The ‘rescue’ of Dottie, if ‘rescue’ is the correct word for an operation where our heroes are tied up almost the instant they arrive, is played primarily for laughs, with Jarvis largely preoccupied with why he couldn’t get Howard Stark’s latest weapon to work when he keyed in the activation code. (The answer turns out to be that he has remembered the wrong six digits, mixing up Barbara Stanwyck’s vital statistics with those of Carole Lombard).

But when the realisation hits that Dottie is actually just a lure, a ruse to leave Dr Wilkes unguarded– and when that means that Whitney Frost and her cronies are attacking the house where Wilkes and Mrs Jarvis are dining unawares, the change in our regulars is striking. As a stern-faced, silently furious Jarvis drives them back home, even Dorothy is aware of the change. “I’ve never seen you like this before,” she says: “Scared.”

Of course, they are just too late – it’s a tragedy we’ve seen many times before (it was probably already old before Luke Skywalker worked out that the dead Jawas were a trail that would lead the Imperial troopers back “home”). Wilkes ironically finds his newly-restored solidity turned against him, as he is able to be knocked unconscious and kidnapped – and in a genuinely shocking moment, Whitney shoots the brave but scared Mrs Jarvis, simply because she knows it will be a sure fire way of delaying pursuit.

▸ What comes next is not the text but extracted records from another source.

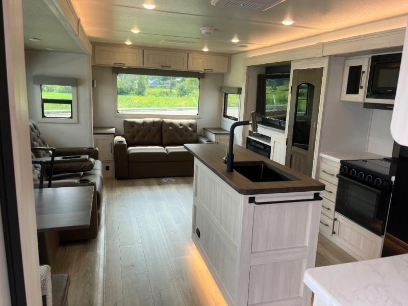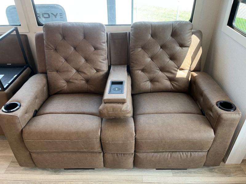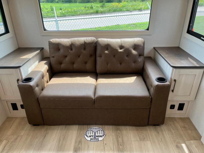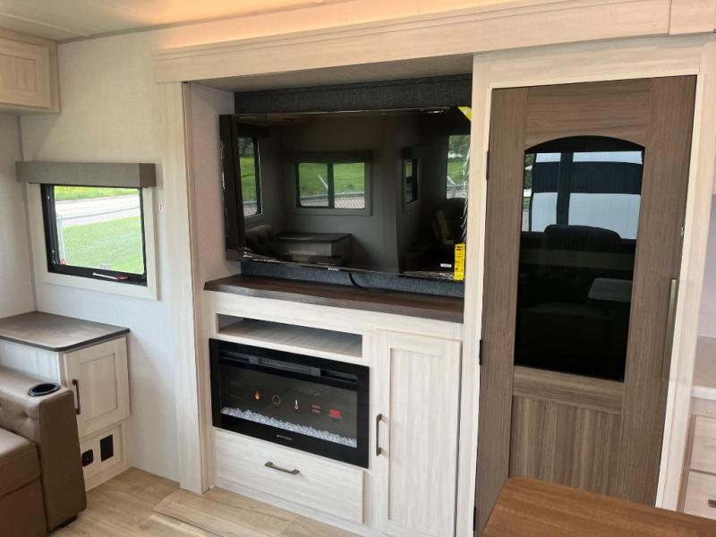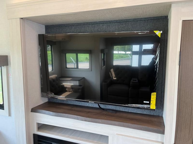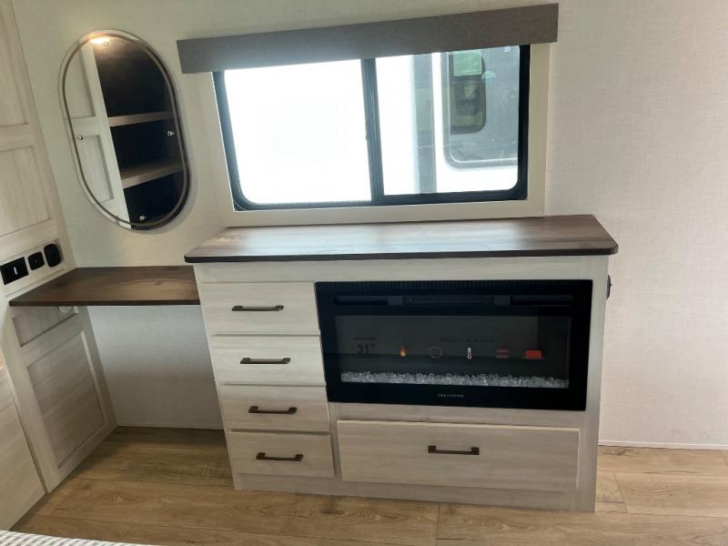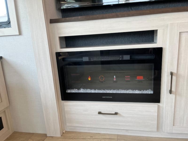 If luxury is what you're looking for, you won't have to search far with this travel trailer! There are triple slides, with dual opposing slides in the main living area for maximum space. The kitchen island gives a more residential feel to this space, plus there is a pantry, a hutch with shelves, a 10 cu. ft. 12V black glass refrigerator, and more kitchen features you are sure to love. The rear living area includes a tri-fold sofa to provide sleeping space for two overnight guests, and there is a theater seat across from the fireplace and HD TV. You'll also enjoy dining at the free-standing dinette with a multi-purpose ottoman! When it's time to call it a night, you can clean up in the spacious full bath, then head to the front master bedroom to retire. There is a custom king bed slide out here, along with a full-wall wardrobe in front, a dresser, a closet with washer and dryer prep, plus a bedroom fireplace!
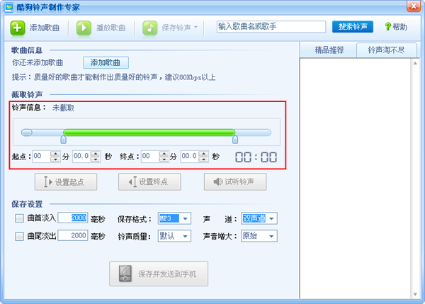 相信在平时使用手机的时候,希望自己的来电,或者短信铃声与众不同,那么快用这款软件,截取你喜欢的歌曲片段制作成铃声把!
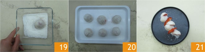 Passe-os no coco ralado 1920. Os mochi estão prontos para serem saboreados 21.
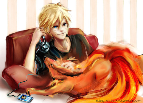naruto looks so focused on his game. i wonder what he's playing...
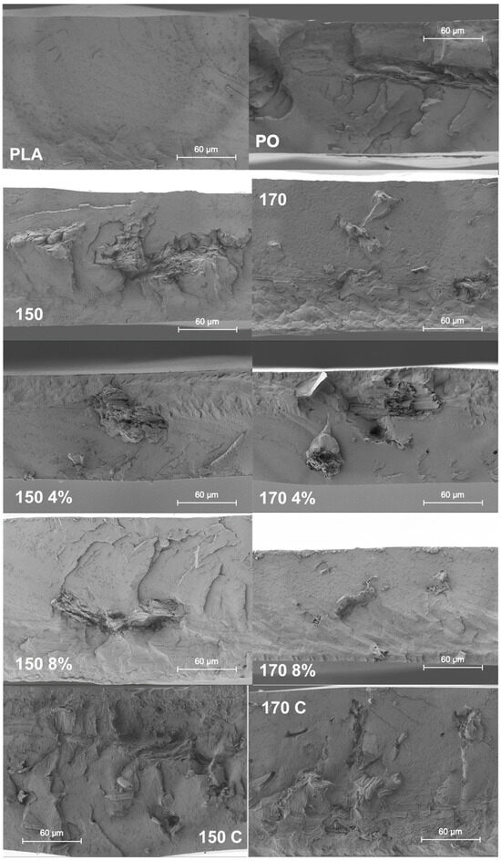 HRFESEM images (×450) of the cross-sections of PLA films with the different incorporated lignocellulosic residues.
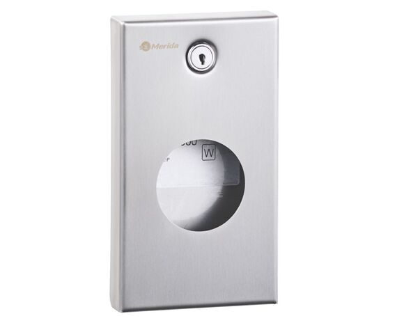 Steel hygiene bag dispenser with a matte surface finish. The container is equipped with a solid steel cylinder lock flush with the surface. The hygiene bag dispenser made of the best quality materials is part of the Merida Stella series.
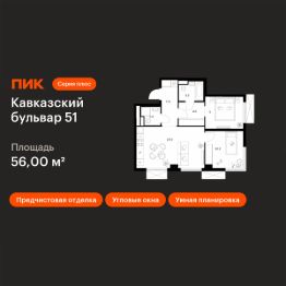 Продаётся 2-комн. квартира площадью 56 кв.м на 21 этаже 24 этажного дома (Корпус 3.5, Секция 2) проекта ПИК Кавказский бульвар 51. Светлый просторный подъезд на уровне земли, функциональная планировка, большие окна, предчистовая отделка.
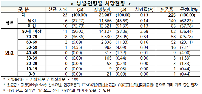 사망자도 전날(54명)보다 32명 줄어 22명이었다. 사망자 수는 지난달 30일(70명)부터 24일 연속 두 자릿수를 보이고 있다.사망자를 연령대로 보면 80세 이상이 11명으로 절반을 차지했고, 이어 70대 8명, 60대 2명, 50대 1명이었다.
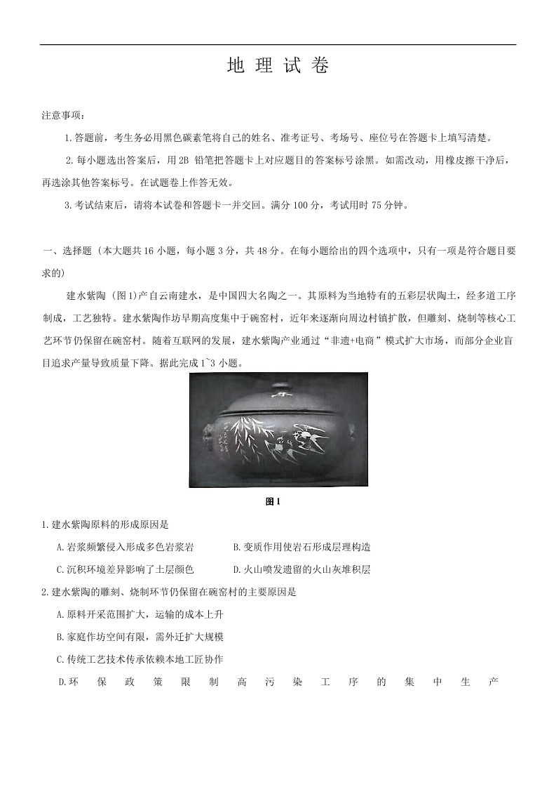 云南师大附中2025届高三下学期3月高考适应性月考卷(八)地理
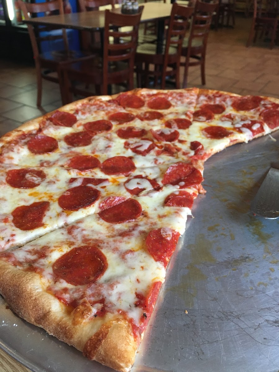 The hostess here was super kind and attentive for our large group. A real sweetheart. Pizza was excellent! We had an XLG (extra large, 18 inches) meat lovers pie which was so big it needed its own table! And everyone in our group agreed that the pizza was great. We also tried some appetizers, standard stuff like mozz sticks, jalopeno poppers, breaded mushrooms and the like. They were good, but the pizza is what really stood out. Thanks for a great experience!
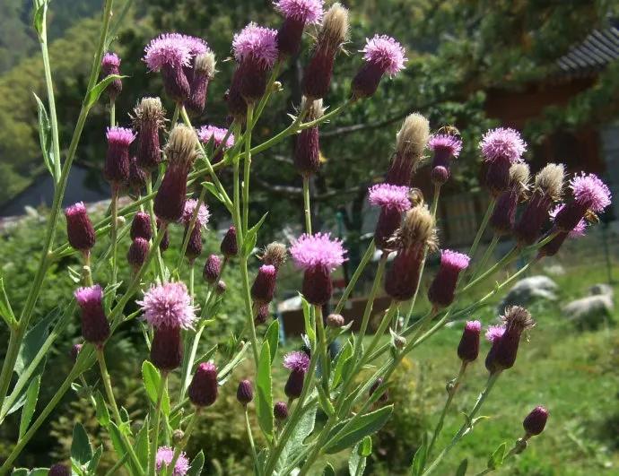 每天认识一种植物20:小蓟ji 别名: 山萝卜(广州、佛山、湛江、惠阳、潮安)、老虎脷(海南)、山老鼠簕、猫枝簕(广州)、猫仔刺头(潮阳)、牛枝簕(翁源)、牛参(潮安、罗定、化州)。 植物形态: 直立粗壮草本。叶抱茎,矩圆形长15-20厘米,上部的较短,羽状深裂,裂片和裂齿有针状利刺,两面均散生膜质的疏毛。头状花序大,单生,淡紫红色。瘦果。 生长环境: 生于山坡、路旁,广东各地均有分布。 采集加工: 药用根。夏秋采集,晒千备用,或全草鲜用。 性味功能: 苦凉。凉血止血,解毒消肿。用途用量:吐血,衄血,尿血,创伤出血,跌打瘀肿,阑尾炎,痈疮肿毒。内服鲜用1一2两,干用5钱一1两。外用鲜根或全草适量。 44
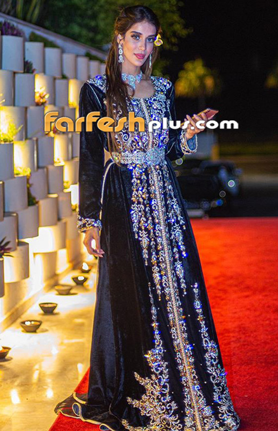 - القفطان الفخم من كريمة جويت: في المقابل ارتدت كريمة جويت غيث القفطان الأسود بلمسة أكثر فخامة وترفًا، مع التطريزات اللامعة الكريستالية الملونة، وخامة الفيلفت المترفة، وأبرز فخامة الفستان أكثير اعتمادها للمجوهرات الماسية مع العقد، والأقراط الثمينة التي أكملت الاطلالة المترفة.
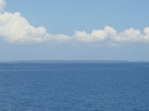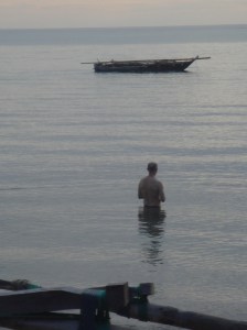 During our first few days one of our VSO colleagues on the island reported seeing a huge ‘Great White’ being brought in by the local fisherman to the market. ‘How do you know it was a Great White’, I enquired. ‘Well John’, came the reply, ‘I’m not too sure but it had bloody great white teeth and was as long as the lorry that dumped it’. A lorry. Swims are now preceded by half an hour scanning the water for tell tale fins. There’s one behind the boat. I know it.
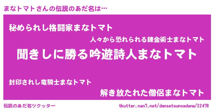 | 女子向けラノベタイトル風あだ名 | 『首の姫と首なしまなトマト』 |
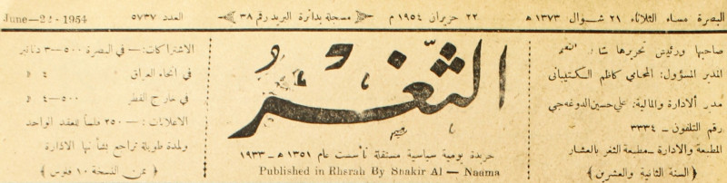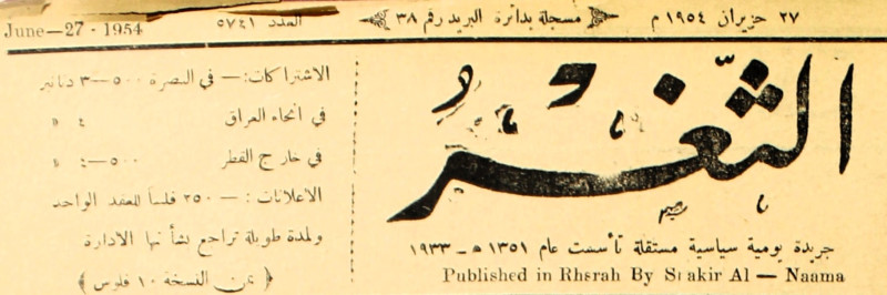 جريدة يومية سياسية عامة = AL-Thaghr : A Daily Newspaper

Which is why the episode ends rather bleakly, the comedy switching off in an instant.

Dottie has escaped and is at large in LA to pursue her own agenda. Dr Wilkes is gone, kidnapped by the ever more-powerful Whitney Frost and her council. Sousa has been relieved of duty at the SSR. Mrs Jarvis is in surgery, and her life is in the balance. And Peggy and Mr Jarvis, usually so active, are for once able to do nothing except sit in the hospital. And wait.

Aired at 9pm on Thursday 10 March 2016 on FOX.